When choosing Michael's car for the episode, producer Kent Zbornak brought in pictures of various cars and had the writers choose which one they thought Michael would most likely own. The writers ended up choosing a Chrysler Sebring convertible, because according to B. J. Novak "we figured it's the showiest car that he could afford". While shooting the scene in Michael's car, cameraman Randall Einhorn accidentally broke the back window, which ended up costing $859 to replace.

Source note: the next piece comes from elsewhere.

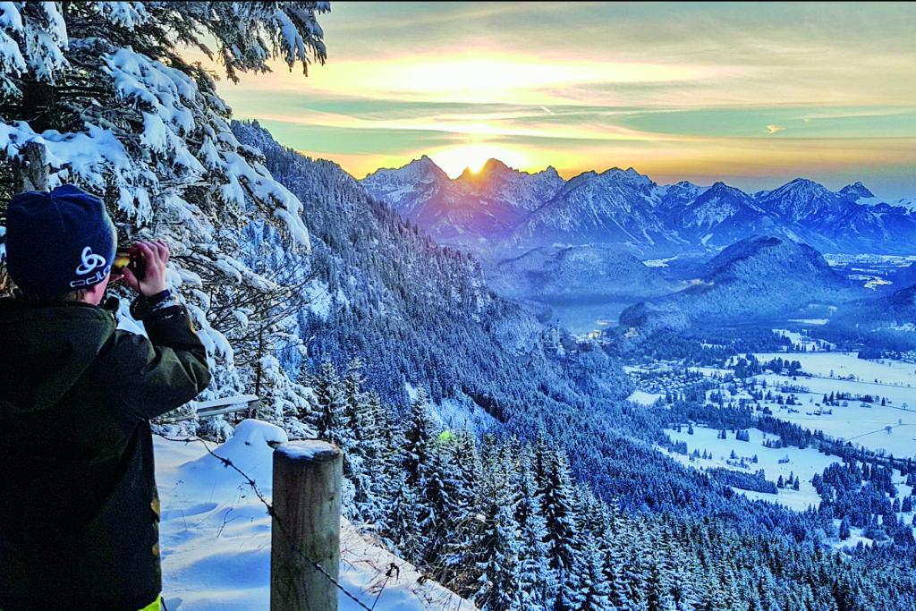 Roland Schörkuber ist Berufsjäger in Schwangau, etwas nordöstlich von Füssen. Er kümmert sich um den Wildbestand in den Ammergauer Alpen und um die tägliche Fütterung der rund 180 Wildtiere. Von Ende Dezember bis zum Frühlingsanfang werden die hungrigen Hirsche aus dem Ammergebirge um 15 Uhr am Bannwaldsee gefüttert. Dazu schaufeln Roland und sein Kollege kiloweise Futter in die Futterstellen. „Durch die Besiedelung im Flachland finden die Hirsche hier nicht mehr so viel Nahrung und würden im Gebirge bleiben und alles fressen, was sie dort finden. Damit würden sie ihren eigenen Lebensraum, den Wald, zerstören“, erklärt der Jäger.
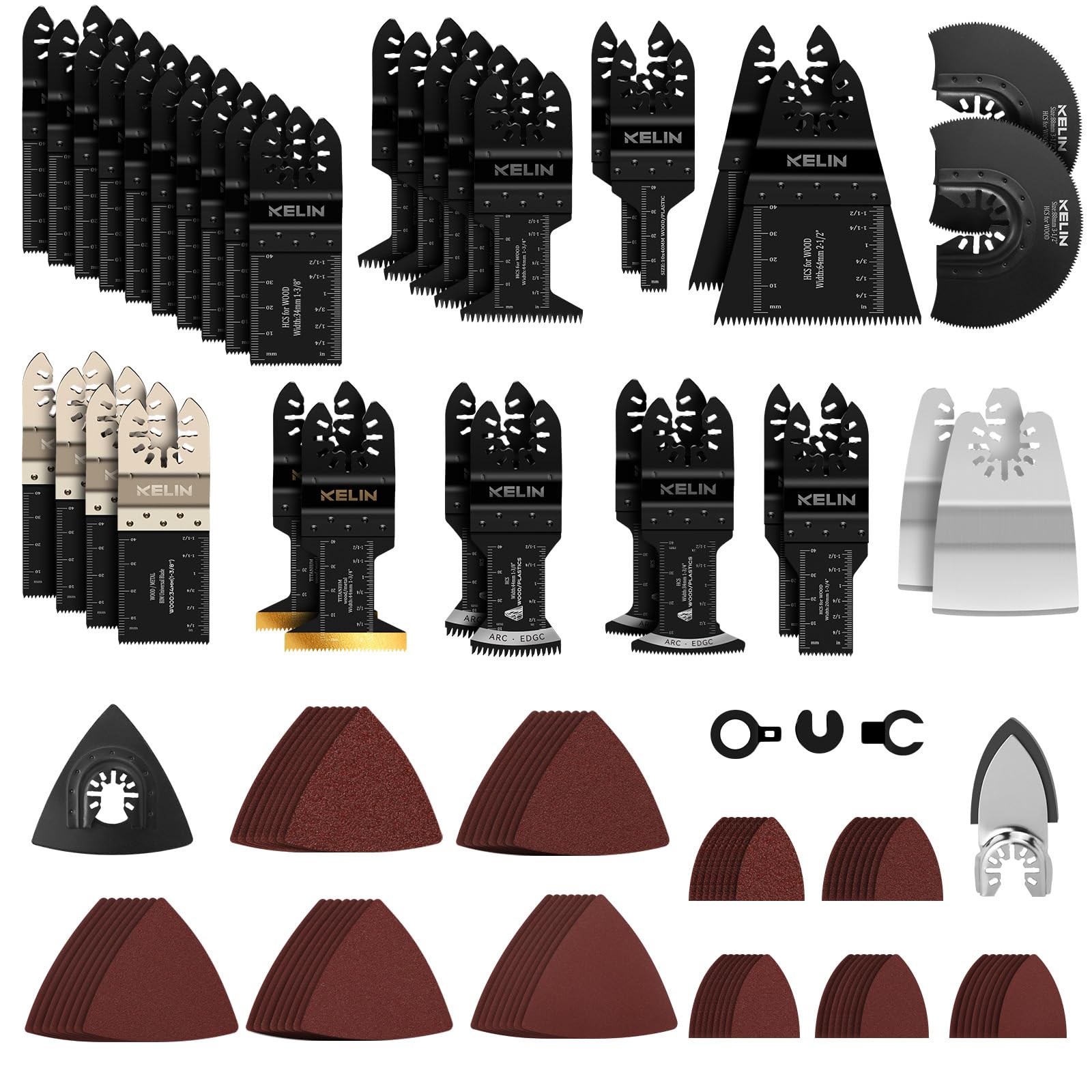 KELIN Juego de cuchillas multiherramienta de corte y papel de lija, accesorios de herramientas oscilantes universales, 11 tipos de

Writer Mike Schur made a cameo appearance in the episode, appearing in a photograph as Dwight's Amish cousin Mose. The idea for Schur to be Dwight's Amish cousin had been a joke among the writers since the first season. Mose was based on an actual participant, with the same name, on the UPN reality show Amish in the City.

==Cultural references==
After telling Ryan he can take his pants off and run around the office, Michael makes a direct reference to the 1983 teen comedy-drama film Risky Business. Dwight compares his friendship to Michael, using the analogy that Michael is "like Mozart, and I'm like... Mozart's friend. No. I'm like Butch Cassidy and Michael is like... Mozart." When Michael asks Pam if she had his magazine subscriptions changed to his new address, he mentions Small Businessman, American Way, Maxim, Cracked, and the fictitious Fine Arts Aficionado Monthly. When touring his condo, Michael makes a Mr. Bill joke to the head of the condo association, whose name is Bill. The jokes are a reference to the clay figurine star of a parody of children's shows that was part of Saturday Night Live.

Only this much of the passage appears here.